Mumbai: A sharp increase in India’s weight in global indices, such as MSCI and FTSE, driven by the outperformance of Indian markets and the Fed’s rate cut in mid-September, prompted overseas investors to pump money into India in the September quarter. Foreign portfolio investors infused over ₹86,000 crore in July-September, the highest in 15 quarters. In the December quarter of 2020, these investors invested about ₹1.43 lakh crore in Indian stocks.
Flows from foreign funds into Indian equities were moderate in the first-half of 2024 on concerns over rich valuations and tight monetary policy in the US. With the dollar weakening following the rate cut in the US and India’s weight on global indices increasing, foreigners have increased their local holdings.
The MSCI India index has gained 26% this year, compared to a 13% gain in the MSCI Emerging Market index during this period.

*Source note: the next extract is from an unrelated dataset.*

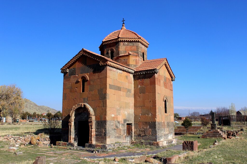 The church of S. Astvatsatsin is situated adjacent to the entrance of the cemetery and monastic complex at Talin and near the main cathedral. It is a small cruciform central-planned building with a Byzantine-style single red tile, octagonal umbrella domed roof that is centered over the church. The dome sits above an octagonal drum that […]
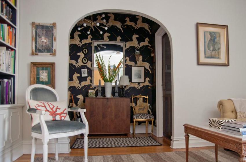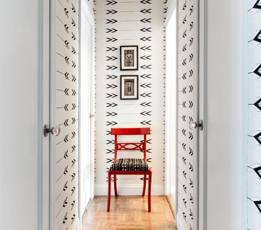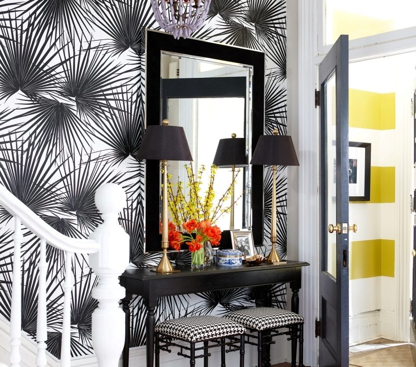 Original black and white wallpaper in the decoration of the corridor

This outperformance has led to more Indian companies being added to both the MSCI EM and MSCI IMI indices while the weights of underperforming Chinese stocks have been reduced. In the widely-followed MSCI Emerging Market index, India’s weight has increased to 20.7%, compared to China’s 23.74%.
Foreigners have also been active in India’s primary market including IPOs. In 2024, FPIs invested over ₹65,000 crore in the primary market compared to ₹33,000 crore in the secondary market.